#### Stored data
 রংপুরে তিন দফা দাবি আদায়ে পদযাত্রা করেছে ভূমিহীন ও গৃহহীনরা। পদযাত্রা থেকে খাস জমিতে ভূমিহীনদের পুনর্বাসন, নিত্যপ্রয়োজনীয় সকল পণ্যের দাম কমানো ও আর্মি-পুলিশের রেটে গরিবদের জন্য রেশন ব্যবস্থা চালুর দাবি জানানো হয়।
* * *
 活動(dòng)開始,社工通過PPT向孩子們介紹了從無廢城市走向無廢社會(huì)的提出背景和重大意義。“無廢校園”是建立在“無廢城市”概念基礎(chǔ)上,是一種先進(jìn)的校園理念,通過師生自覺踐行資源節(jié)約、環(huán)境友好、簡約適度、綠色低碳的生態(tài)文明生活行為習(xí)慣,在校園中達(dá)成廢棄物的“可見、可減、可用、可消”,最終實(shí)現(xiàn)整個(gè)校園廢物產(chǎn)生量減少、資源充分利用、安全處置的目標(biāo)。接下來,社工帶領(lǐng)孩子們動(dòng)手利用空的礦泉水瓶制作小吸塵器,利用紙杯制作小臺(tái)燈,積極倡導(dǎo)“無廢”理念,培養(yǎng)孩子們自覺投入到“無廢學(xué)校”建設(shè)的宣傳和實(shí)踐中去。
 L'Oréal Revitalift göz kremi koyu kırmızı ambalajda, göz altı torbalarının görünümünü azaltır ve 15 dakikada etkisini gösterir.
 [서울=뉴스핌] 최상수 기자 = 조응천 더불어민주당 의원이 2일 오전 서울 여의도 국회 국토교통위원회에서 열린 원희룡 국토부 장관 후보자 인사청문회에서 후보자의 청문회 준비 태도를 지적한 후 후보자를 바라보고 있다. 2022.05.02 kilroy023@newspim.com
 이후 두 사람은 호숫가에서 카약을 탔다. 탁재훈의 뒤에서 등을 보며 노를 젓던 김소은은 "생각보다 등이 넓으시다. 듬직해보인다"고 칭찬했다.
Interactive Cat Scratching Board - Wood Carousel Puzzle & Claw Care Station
--
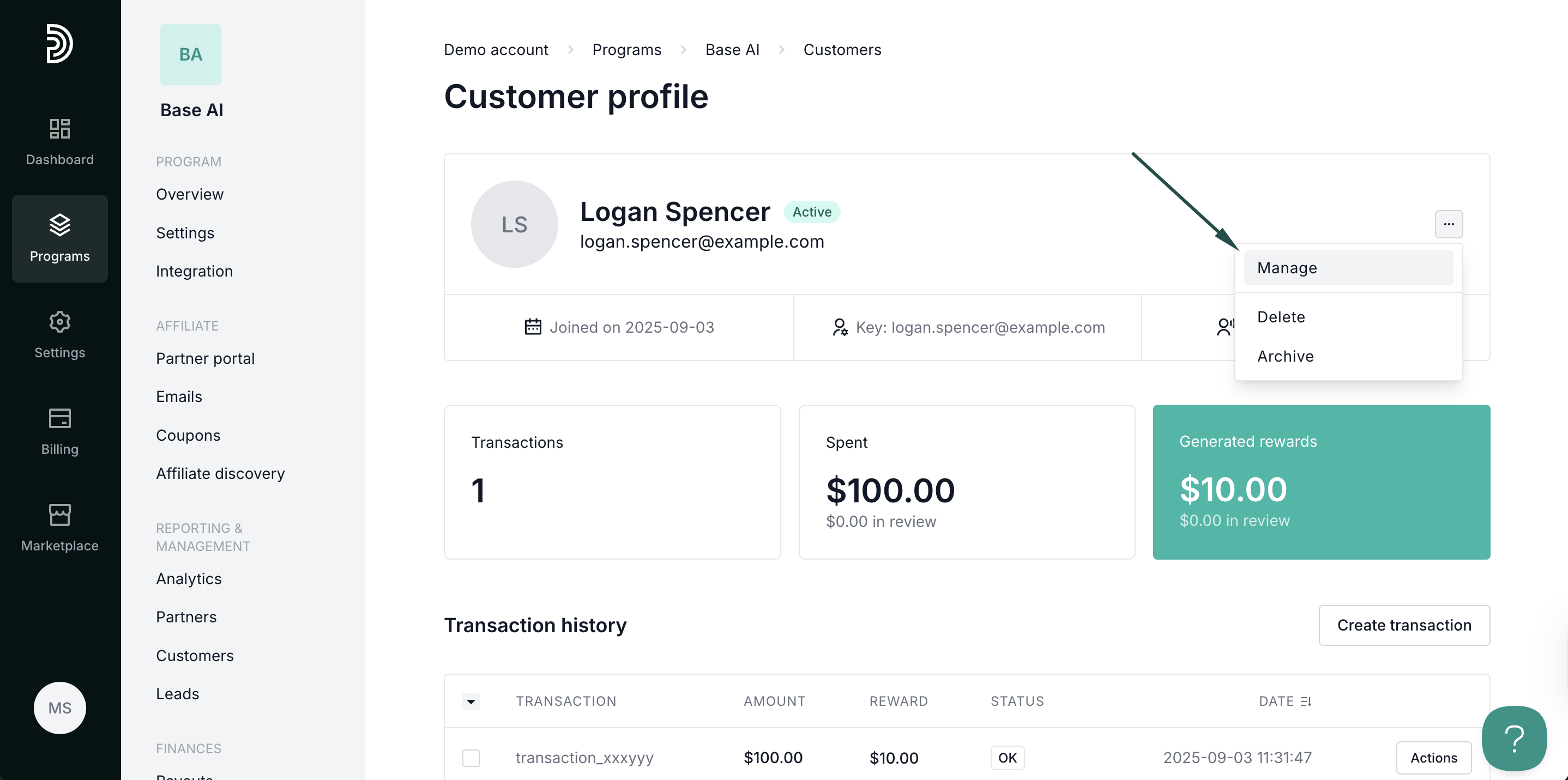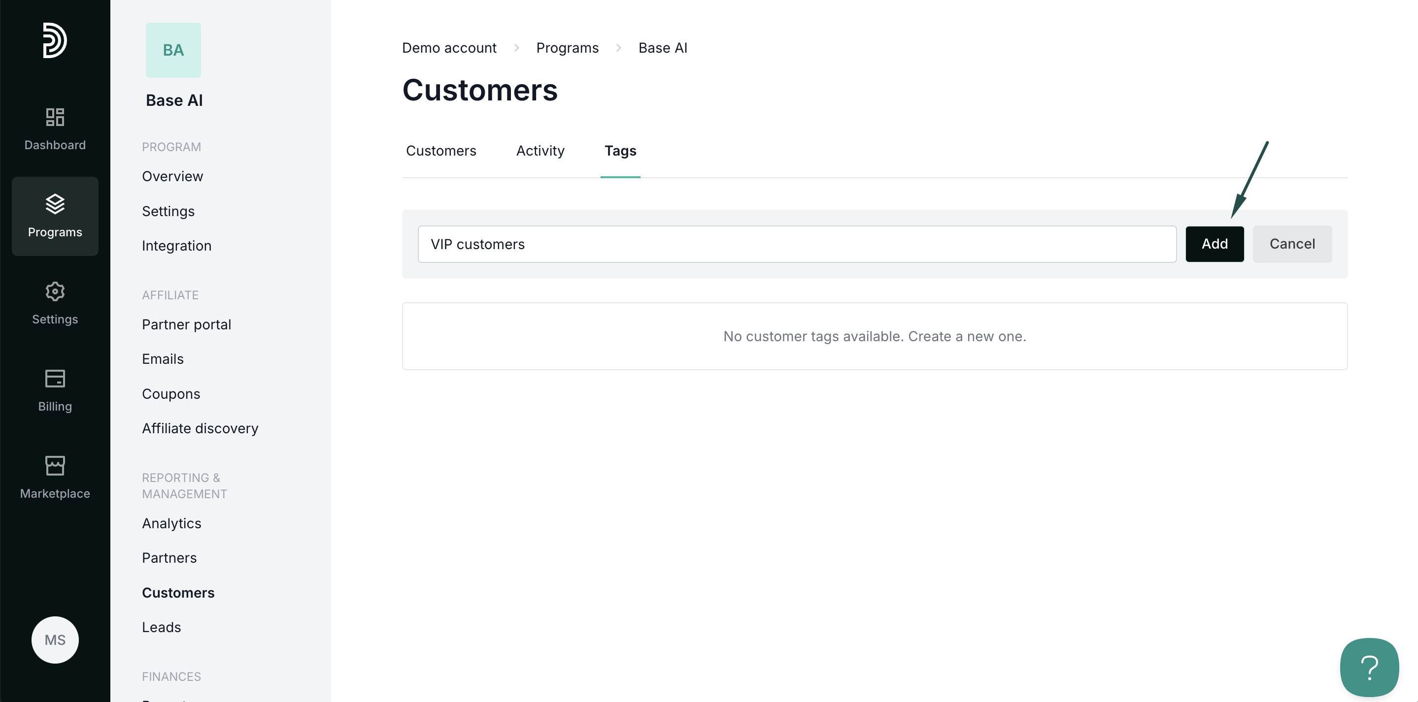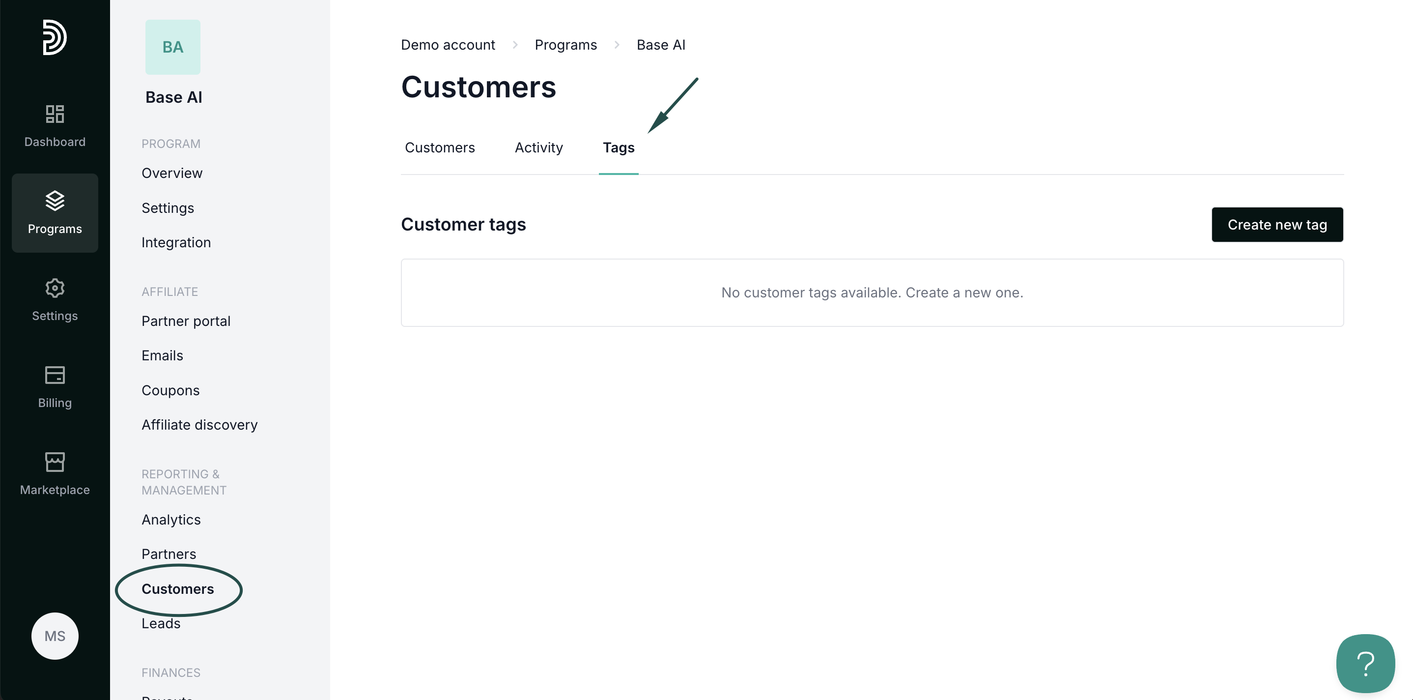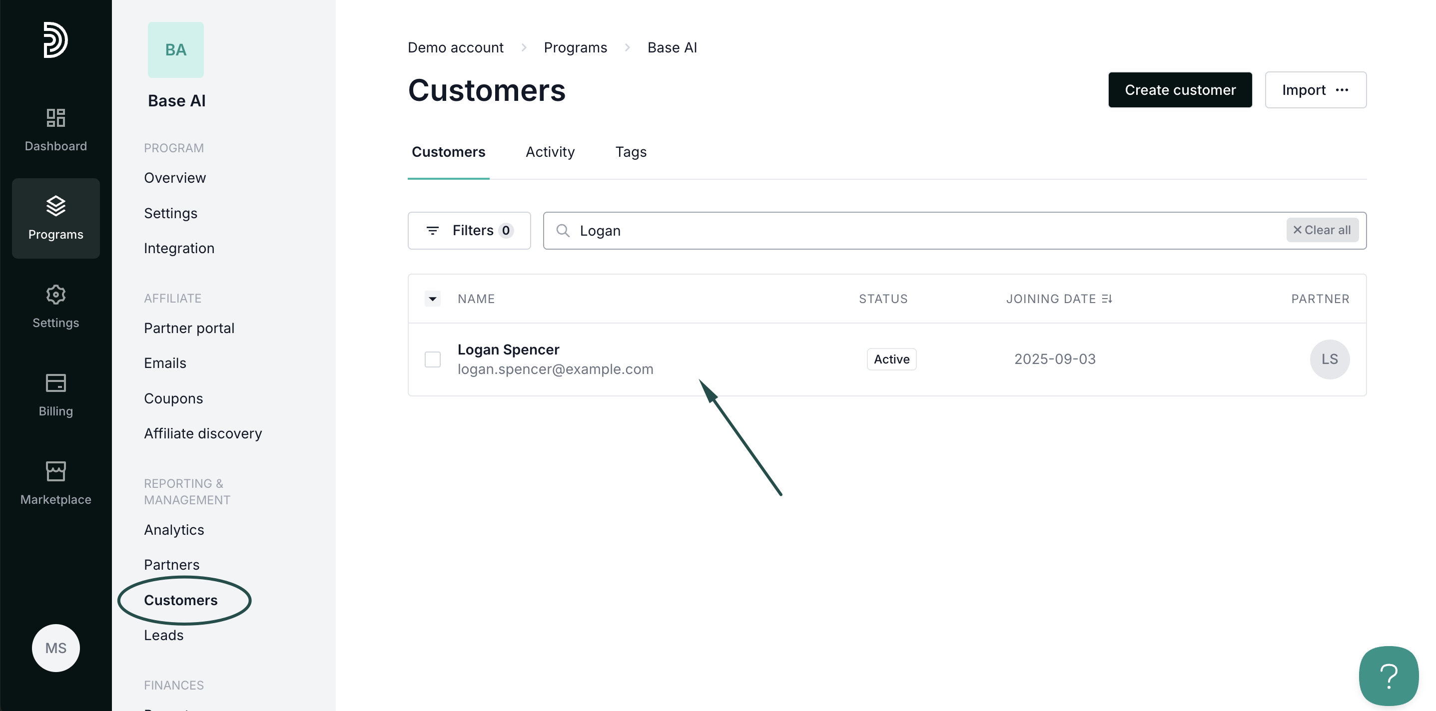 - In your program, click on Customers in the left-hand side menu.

#### Exercise goal
From the data above, reproduce word for word the lines running from the line with "L'Oréal Revitalift göz" to the line with "Interactive Cat Scratching", ends included.

#### Finished task
 L'Oréal Revitalift göz kremi koyu kırmızı ambalajda, göz altı torbalarının görünümünü azaltır ve 15 dakikada etkisini gösterir.
 [서울=뉴스핌] 최상수 기자 = 조응천 더불어민주당 의원이 2일 오전 서울 여의도 국회 국토교통위원회에서 열린 원희룡 국토부 장관 후보자 인사청문회에서 후보자의 청문회 준비 태도를 지적한 후 후보자를 바라보고 있다. 2022.05.02 kilroy023@newspim.com
 이후 두 사람은 호숫가에서 카약을 탔다. 탁재훈의 뒤에서 등을 보며 노를 젓던 김소은은 "생각보다 등이 넓으시다. 듬직해보인다"고 칭찬했다.
Interactive Cat Scratching Board - Wood Carousel Puzzle & Claw Care Station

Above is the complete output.